Problem to solve = If pictures appear among the lines below, leave them out while you return exactly the lines from the one with "Unsere leistungsstarke Drohne" through the one with "이후 하단의 담당자 연락처에".

Data under study =

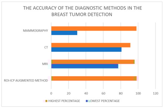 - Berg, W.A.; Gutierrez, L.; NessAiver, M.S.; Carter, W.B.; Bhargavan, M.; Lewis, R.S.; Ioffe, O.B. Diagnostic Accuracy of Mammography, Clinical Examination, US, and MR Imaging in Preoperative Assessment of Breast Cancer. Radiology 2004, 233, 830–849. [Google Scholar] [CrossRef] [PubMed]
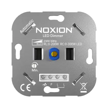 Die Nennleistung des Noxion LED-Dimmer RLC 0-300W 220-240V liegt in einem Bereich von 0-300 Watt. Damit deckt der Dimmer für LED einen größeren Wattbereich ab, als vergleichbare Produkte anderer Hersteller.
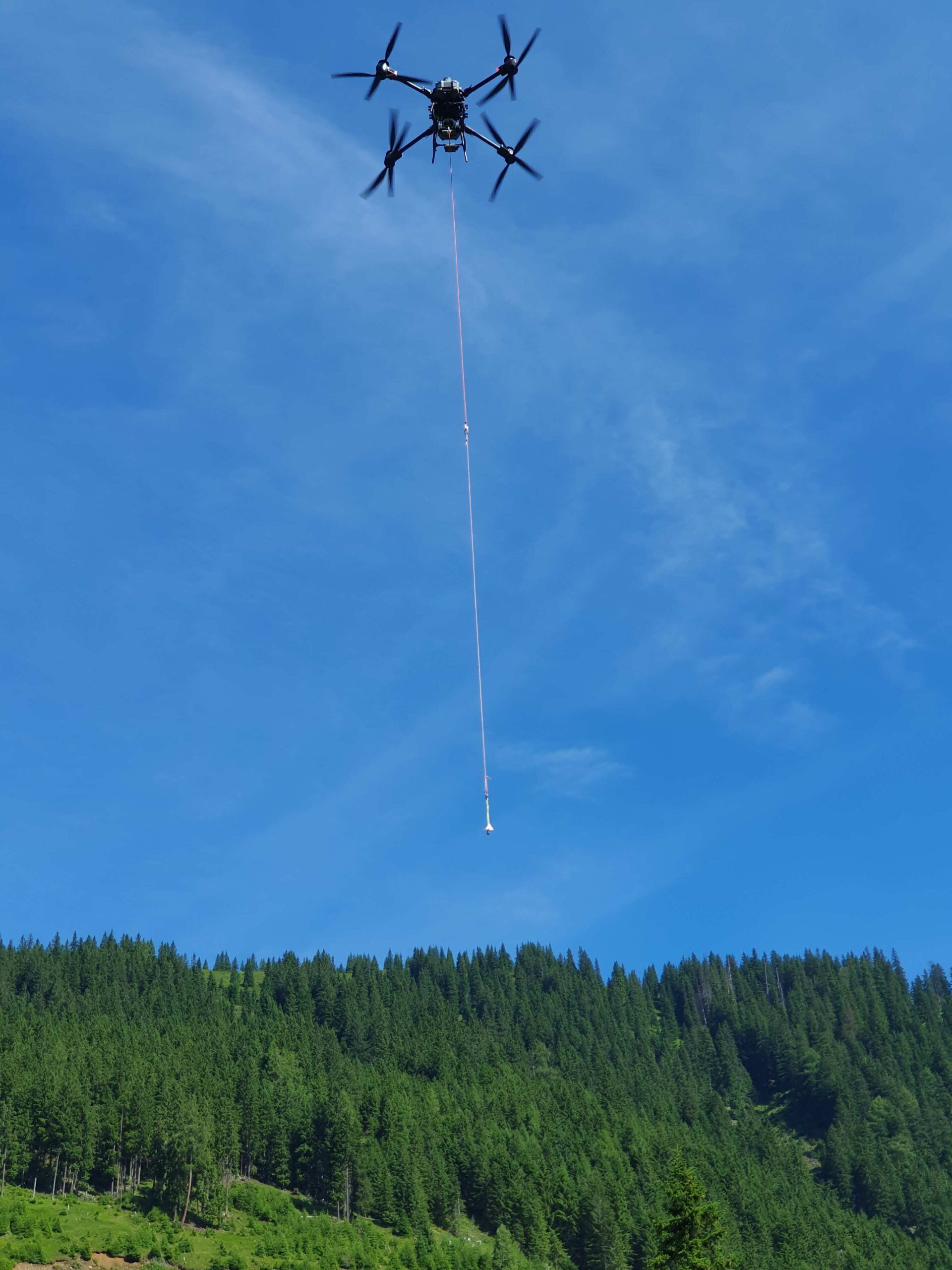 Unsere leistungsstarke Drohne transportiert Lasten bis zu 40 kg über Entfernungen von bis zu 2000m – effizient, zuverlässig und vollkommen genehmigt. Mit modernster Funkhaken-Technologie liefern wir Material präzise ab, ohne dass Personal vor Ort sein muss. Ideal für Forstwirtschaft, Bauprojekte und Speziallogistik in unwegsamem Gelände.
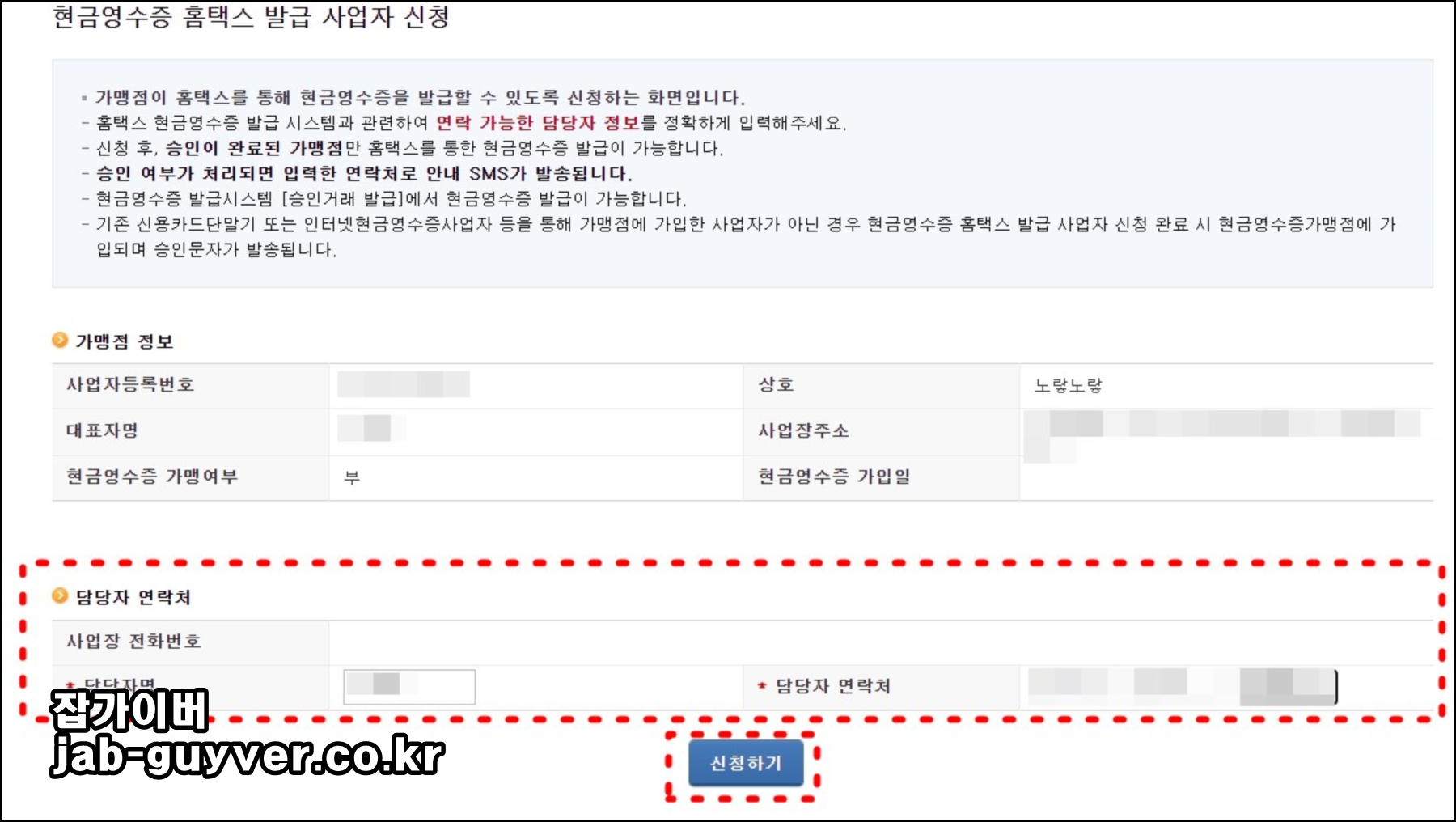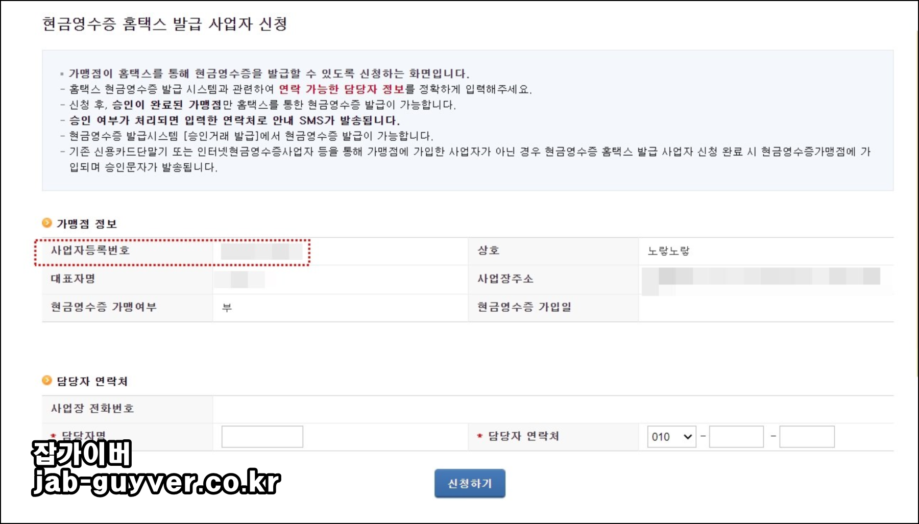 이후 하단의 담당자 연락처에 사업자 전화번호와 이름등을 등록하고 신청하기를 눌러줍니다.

==

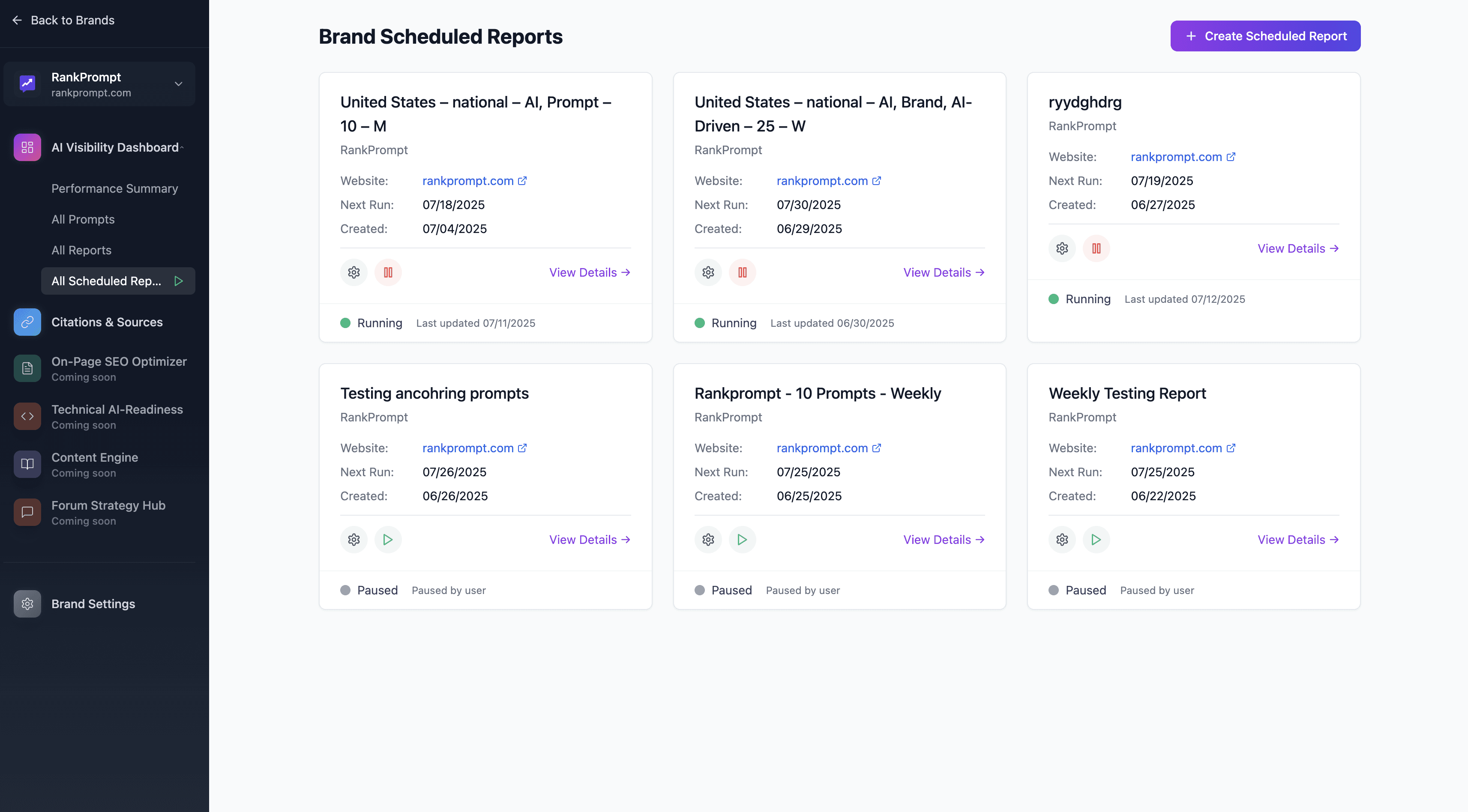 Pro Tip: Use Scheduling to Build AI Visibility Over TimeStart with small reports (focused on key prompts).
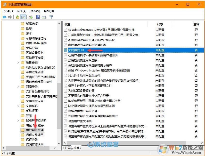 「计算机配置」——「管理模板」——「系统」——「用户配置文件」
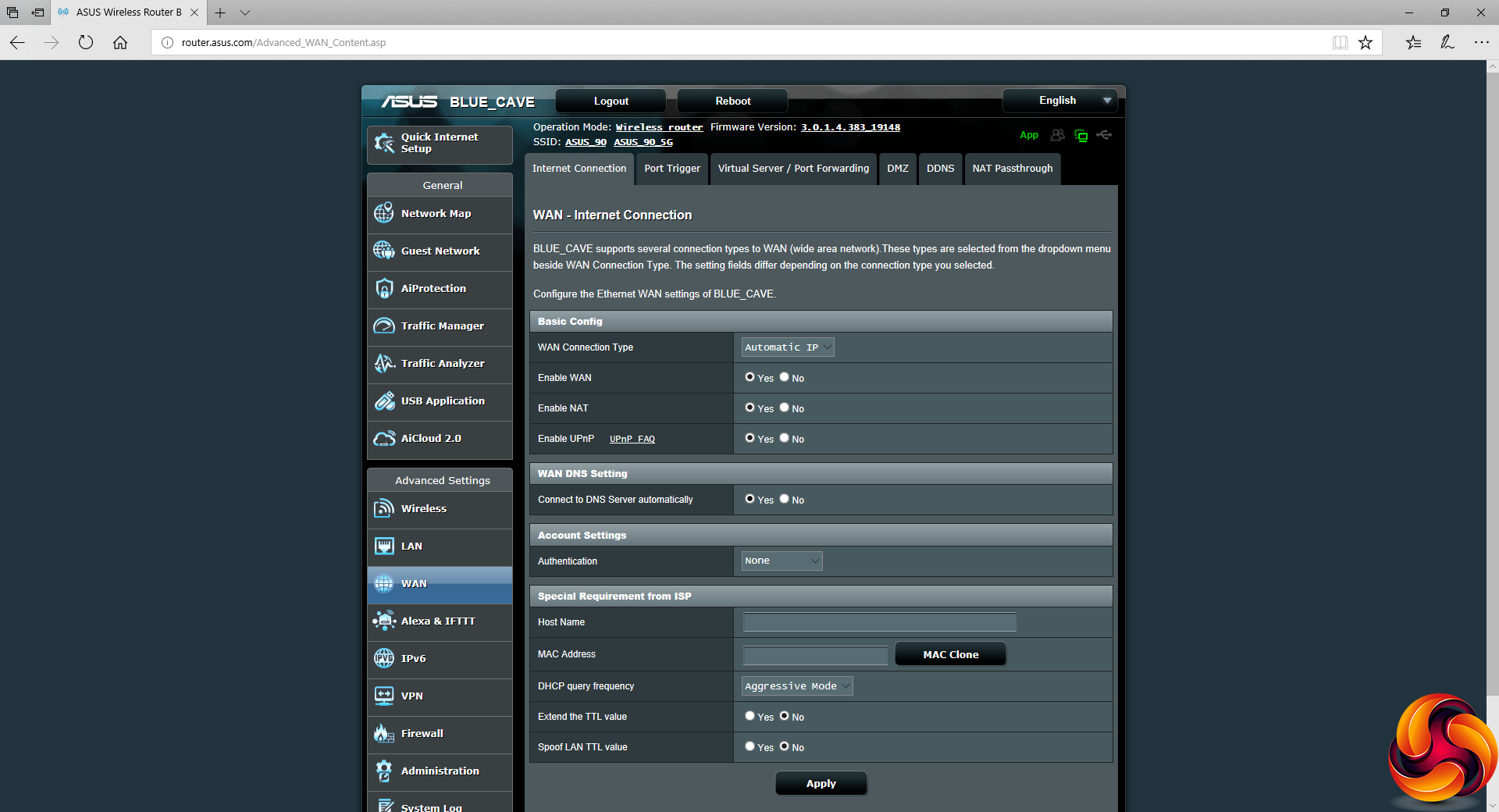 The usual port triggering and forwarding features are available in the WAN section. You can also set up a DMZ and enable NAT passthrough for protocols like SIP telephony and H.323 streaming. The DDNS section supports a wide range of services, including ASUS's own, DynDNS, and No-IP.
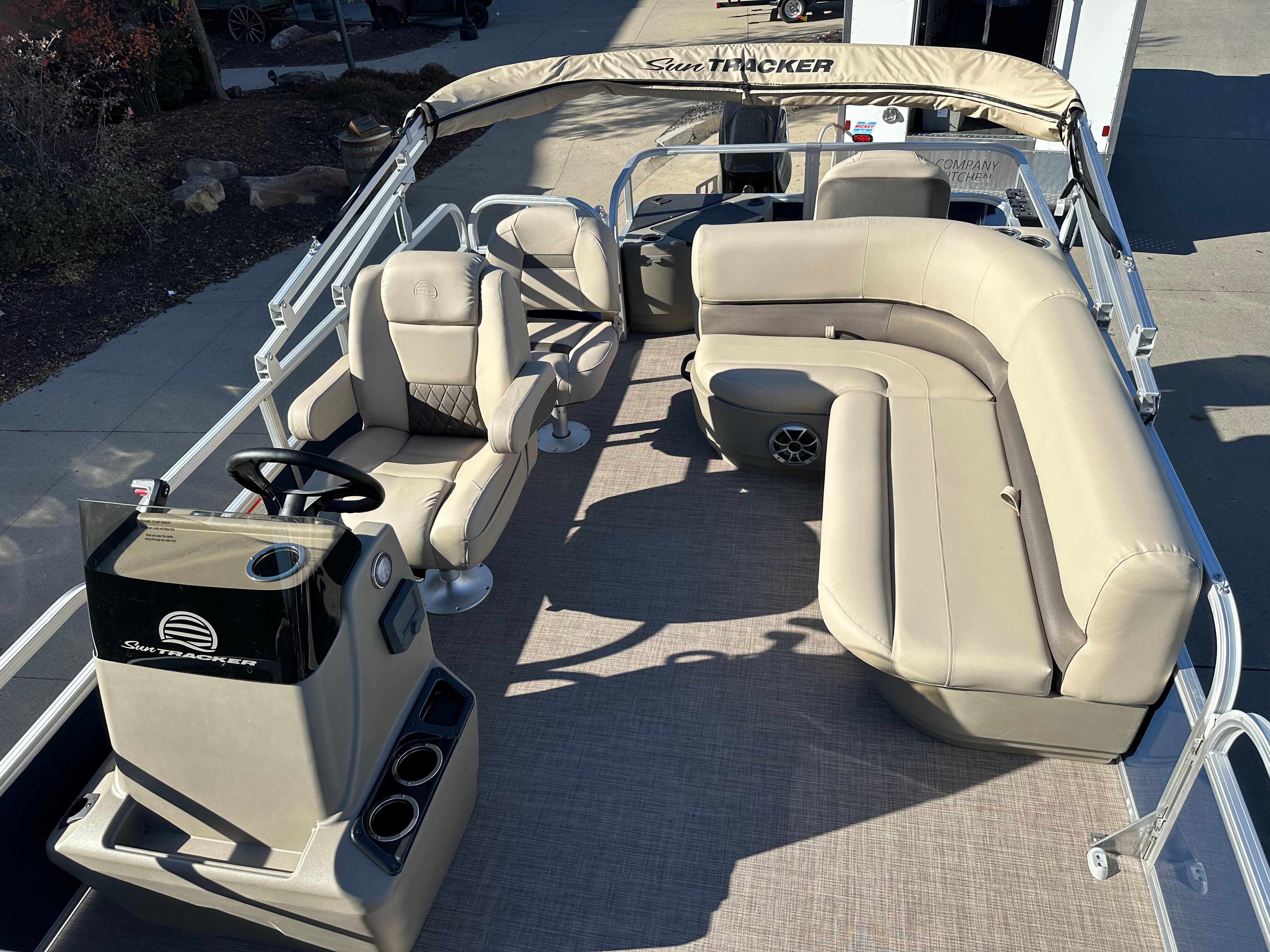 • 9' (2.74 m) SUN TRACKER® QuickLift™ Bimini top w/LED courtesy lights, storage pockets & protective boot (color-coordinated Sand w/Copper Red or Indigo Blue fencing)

Answer space =
 Unsere leistungsstarke Drohne transportiert Lasten bis zu 40 kg über Entfernungen von bis zu 2000m – effizient, zuverlässig und vollkommen genehmigt. Mit modernster Funkhaken-Technologie liefern wir Material präzise ab, ohne dass Personal vor Ort sein muss. Ideal für Forstwirtschaft, Bauprojekte und Speziallogistik in unwegsamem Gelände.
 이후 하단의 담당자 연락처에 사업자 전화번호와 이름등을 등록하고 신청하기를 눌러줍니다.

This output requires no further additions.